Однако прежде всего мне хотелось бы представить вам моего друга. Когда я познакомился с Жозефом Рультабийлем, он только начинал как газетный репортер. Я был тогда молодым адвокатом и часто встречал его в коридорах прокуратуры, куда приходил испросить у следователя разрешение встретиться со своими подзащитными в тюрьме Мазас или Сен-Лазар. Рультабийль был симпатичный малый с круглой, как шар, головой, румяный, то веселый, как жаворонок, то серьезный, словно папа римский. Каким образом он, такой молодой – когда я увидал его впервые, ему не было и семнадцати, – ухитряется зарабатывать себе на хлеб журналистикой? Этим вопросом задавался всякий, кто не знал, как он дебютировал. А дело было так: когда на улице Оберкампф обнаружили расчлененный труп женщины, Рультабийль принес главному редактору «Эпок» – газеты, конкурировавшей в ту пору с «Матен», – левую ступню, отсутствовавшую в корзине, где были найдены зловещие останки. Эту ступню, которую полиция безуспешно искала целую неделю, он нашел в сточной канаве, куда никто даже не удосужился заглянуть. Для этого ему пришлось наняться в бригаду водопроводчиков, собранную муниципалитетом Парижа для ликвидации ущерба, который причинил городу необычайно сильный разлив Сены.

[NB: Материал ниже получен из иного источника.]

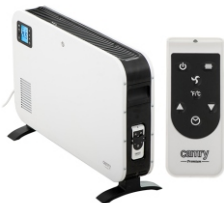
CONVECTION HEATER CR 7724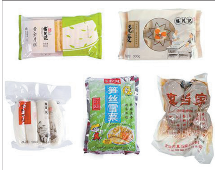
图为“五福临门”年货礼包。

有可能获得价值200元的惊喜大礼包哦。想知道是什么吗?赶快来试一试! 参与方式: 下载“甬派”App,登录后点击下方“我的”板块,并截图(见上图)发送给宁波民生e点通微信(搜nb81850),参与惊喜任务,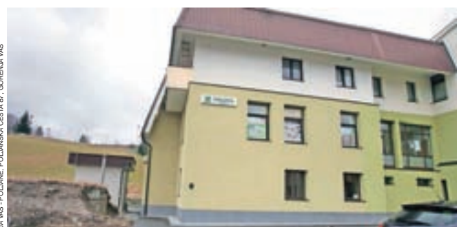
Lekarno v zdravstvenem domu v Gorenji vasi bodo iz prvega nadstropja preselili v pritličje.

išči, a doslej ni bilo zadostnega interesa morebitnih investitorjev. Zato jih veseli, da so se v Gorenjskih lekarnah odločili razširiti prostore lekarn. "Po širitvi ponudbe na področju zdravstva v Gorenji vasi se je namreč povečal tudi obisk lekarn," je razložil župan in dodal, da bo to prispevalo k še višji ravni zdravstvene oskrbe v občini. Za potrebe lekarn bodo izvedli rekonstrukcijo znotraj zdravstvenega doma in zgradili prizidek na južni strani objekta ob obstoječem servisnem vhodu lekarn ter uredili vetrolov na vzhodni strani pri pripadajočo zunanjo ureditvijo.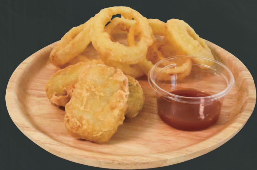
フィッシュ & オニオン ¥650 ※ご提供時はテイクアウト容器でのお渡になります

ポテト&ドリンクセット・・・ ¥1100 ドリンクサイズorレモネードに変更 ⬆ ¥50 プレミアムレモネードに変更 ⬆ ¥100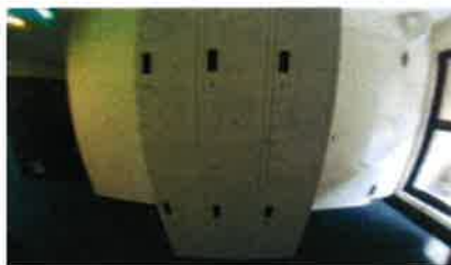
■ ロッカー ■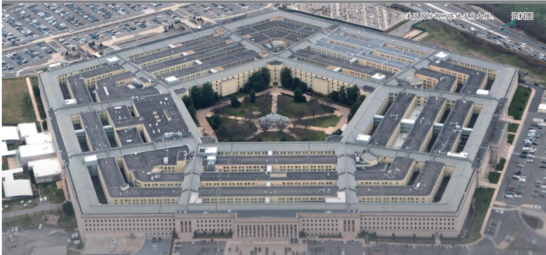
美国国防部所在地五角大楼。 资料图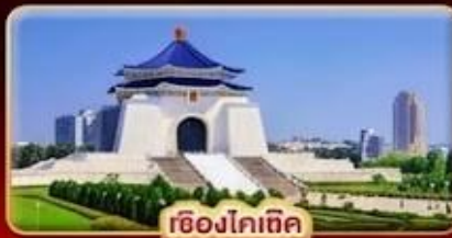
เขียงโกเท็ค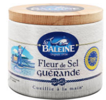
SLN12128 葛宏德鹽之花 Guérande Fleur De Sel 規格 125g*12罐/箱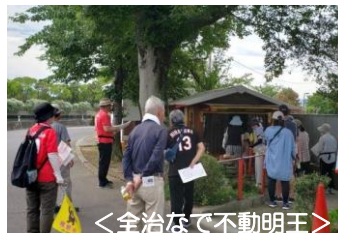
<全治なで不動明王>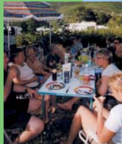
Entspannung mitten in der Natur und gesellige Gaumenfreuden

Switch off from the daily troubles, read a good book, cycle through dreamy villages and sunny vineyards. Here you will find the relaxation which brings body and soul back together again. To start the day well we have fragrant, fresh rolls available from reception and we can also offer you local wines either from reception or, in the evening, in our wine stube. In this carefree atmosphere you will quickly make new friends.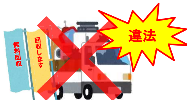
解体業者、不要品回収業者等（一般廃棄物処理業の許可なし）が回収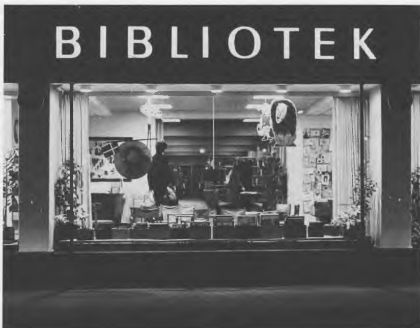
Facaden mod Østerbrogade. I 1970'erne rykkede bibliotekerne næsten helt ud på gaden med store vinduer og farverige udstillinger og reklamer, her for børnebiblioteket.

loftshøjde og det frie udsyn over reolerne, og med udsigten mod den store gård og kirkegården, hvor man kan følge de skiftende årstider, undgik man helt bibliotekssalsfornemmelse. Man havde som sagt ikke regnet med, at dette bibliotek, med sin placering mellem kirkegårde og ambassader i et tyndt befolket nærområde, og kun synligt fra gaden ved sin indgang, snart ville sprænge rammerne både med hensyn til bogudlån og bogbestand, og at det i løbet af få år voksede til at blive byens største kredsbibliotek.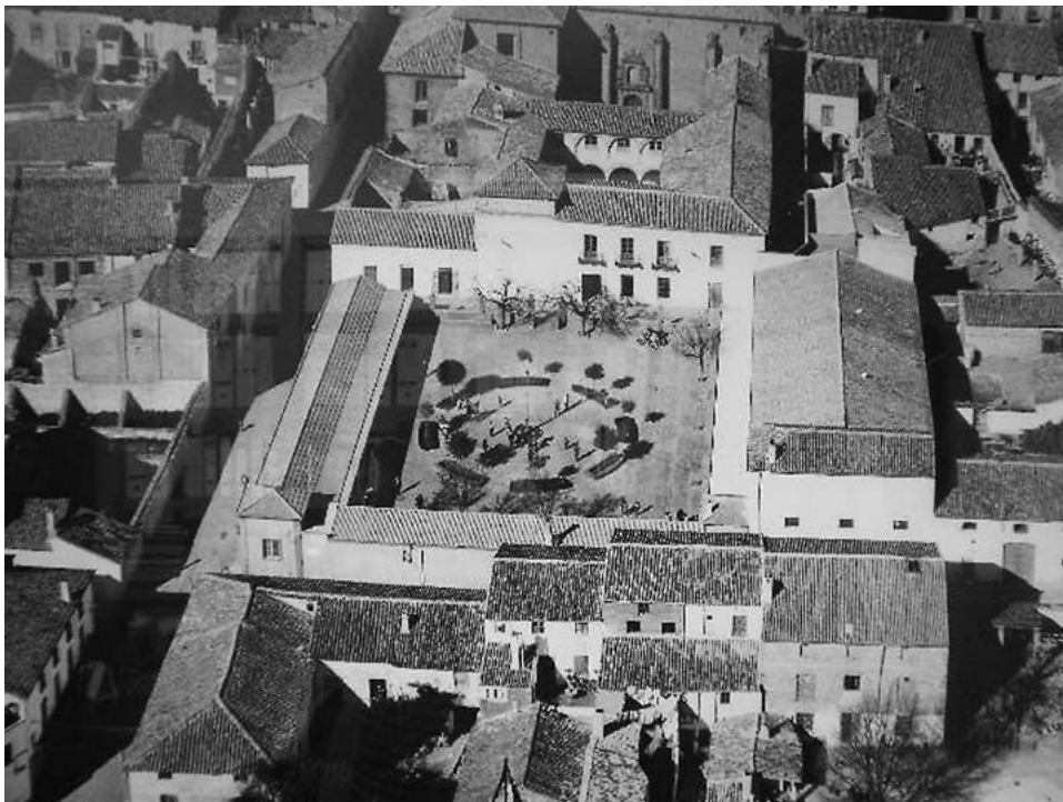
Mercado de abastos de Castellar. Vista aérea de mercado. Estado original 28 .

arquitectura moderna, y sin olvidar el valor añadido de los aspectos ornamentales historicistas y neo-populares. Aunque realiza reconstrucciones de todo tipo, hay que destacar la relación de mercados que ejecuta en los años 50, entre los que destaca el mercado de Castellar.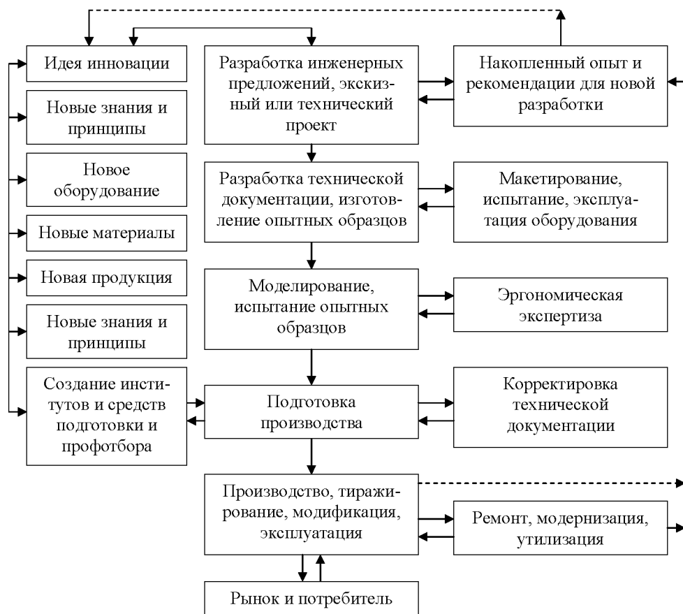
Рис. 1. Обобщенная схема жизненного цикла инноваций (Примечание – по данным работы [3, с. 51])

Рассмотрим данный вопрос более подробно на примере механизированных комплексов (крепей), широко применяемых на угольных шахтах и подходящих для разных горно-геологических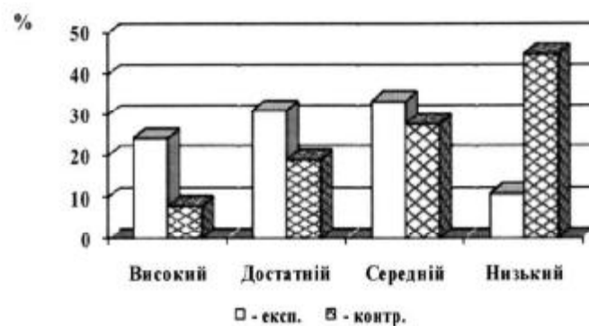
Рис. 4. Рівні підготовленості майбутніх аграріїв з фізкультурно-оздоровчої діяльності за діяльнісним напрямом

При цьому високий рівень готовності студентів до впровадження засобів фізичної культури і спорту під час роботи на виробництві виявився у 24,3 % студентів експериментальних груп і лише у 8,0 % студентів контрольних груп. Щодо достатнього рівня знань та вмінь також мають перевагу студенти експериментальних груп – 31,2 % та 19,1 % – у контрольних групах. Середній рівень становив в експериментальній групі 33,5 %, а в контрольній 27,8 %. Низький рівень в експериментальній і контрольній групах становив відповідно 11,0 % і 45,1 %, що вказує на високу ефективність нової методичної системи фізичного виховання студентів-аграріїв (рис. 4).

Когда главный редактор заполучил драгоценную ступню и понял, благодаря каким остроумным рассуждениям молодому человеку удалось ее отыскать, его охватили два чувства: восхищение проницательностью шестнадцатилетнего мальчишки и ликование по поводу того, что он может выставить на всеобщее обозрение «левую ступню с улицы Оберкампф». «Из этой ступни, – воскликнул он, – я сделаю передовицу!» Потом, отдав зловещий пакет редакционному врачу, он поинтересовался у Рультабийля, сколько тот хочет жалованья, если согласится стать репортером отдела происшествий. «Двести франков в месяц», – скромно ответил молодой человек, едва не задохнувшись от неожиданного предложения. «Получите двести пятьдесят, – возразил редактор, – но если объявите публично, что работаете у нас в редакции уже месяц. Тогда всем станет ясно, что «левую ступню с улицы Оберкампф» нашли не вы, а газета «Эпок». У нас, мой юный друг, личность – ничто, газета – все!»

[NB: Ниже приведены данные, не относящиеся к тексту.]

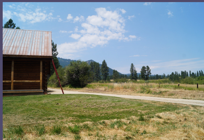
Lieu de naissance, Garden Valley, Idaho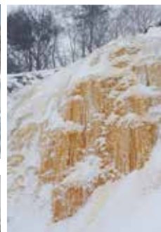
名物イエローフォール!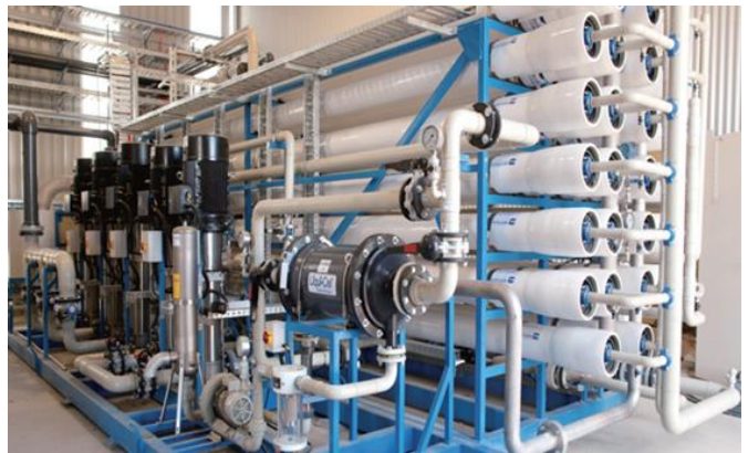
图 4：沈阳远大企业集团环保业务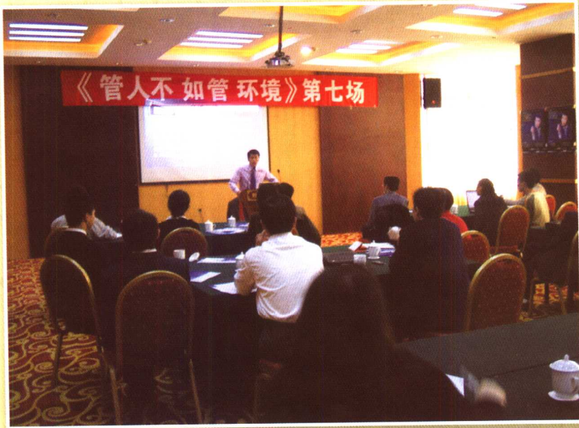
“管人不如管环境”巡回培训会（3）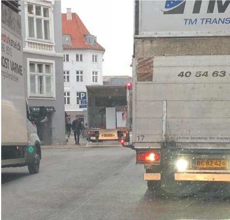
Billede 6: Lastbilers ulovlige parkering i forbindelse med levering af varer til Magasin.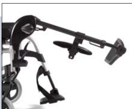
Lengte compenserende comfort beensteunen met holle kuitplaat.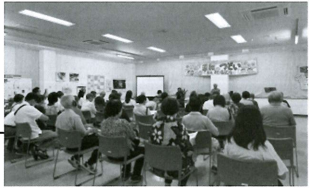
昨年8月の「2025 一宮・平和のつどい」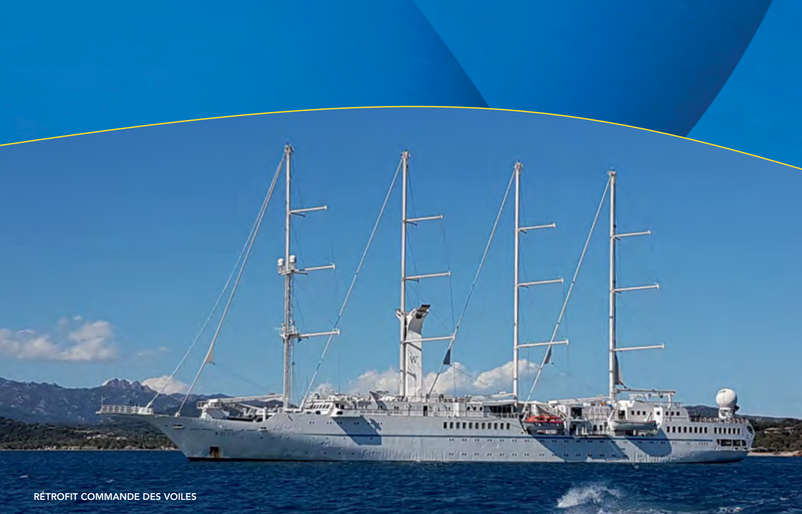
RÉTROFIT COMMANDE DES VOILES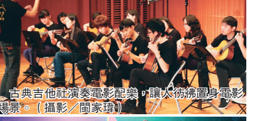
古典吉他社演奏電影配樂，讓大彷彿置身電影場景。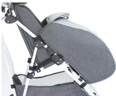
Saco de dormir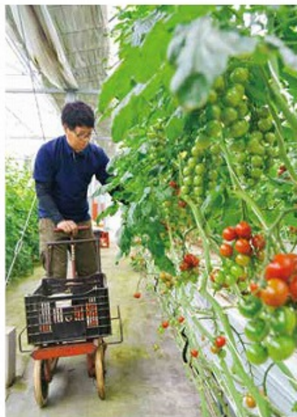
トマトの収穫には根気が必要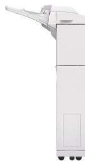
UNIDAD DE INSERCIÓN DE DOCUMENTOS P1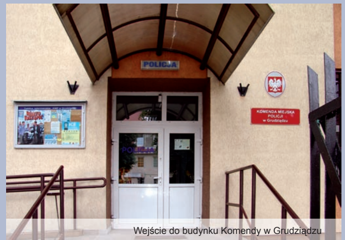
Wejście do budynku Komendy w Grudziądzu

Komenda Miejska Policji w Grudziądzu zdobyła certyfikat na trzy kolejne lata.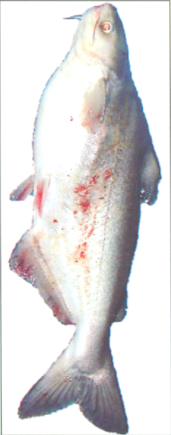
Cá ba sa bị bệnh xuất huyết

Вскоре новый сотрудник приобрел много друзей, так как отличался услужливостью и веселым нравом, чем очаровывал самых ворчливых и обезоруживал самых завистливых. В кафе, где собирались репортеры отделов происшествий, прежде чем подняться в прокуратуру или префектуру в поисках новых преступлений, у него начала создаваться репутация сметливого парня, для которого даже двери шефа уголовной полиции не преграда. Если главный редактор поручал Рультабийлю стоящее дело, репортеру не раз случалось утереть нос самым знаменитым инспекторам полиции.
В этом-то кафе у меня и завязалось с ним более тесное знакомство. Адвокаты по уголовным делам и журналисты не враждуют между собой: одним нужна реклама, другим – сведения. Мы разговорились, и я тут же почувствовал глубокую симпатию к этому славному парнишке. У него был чрезвычайно живой и оригинальный ум и весьма своеобразный способ мышления.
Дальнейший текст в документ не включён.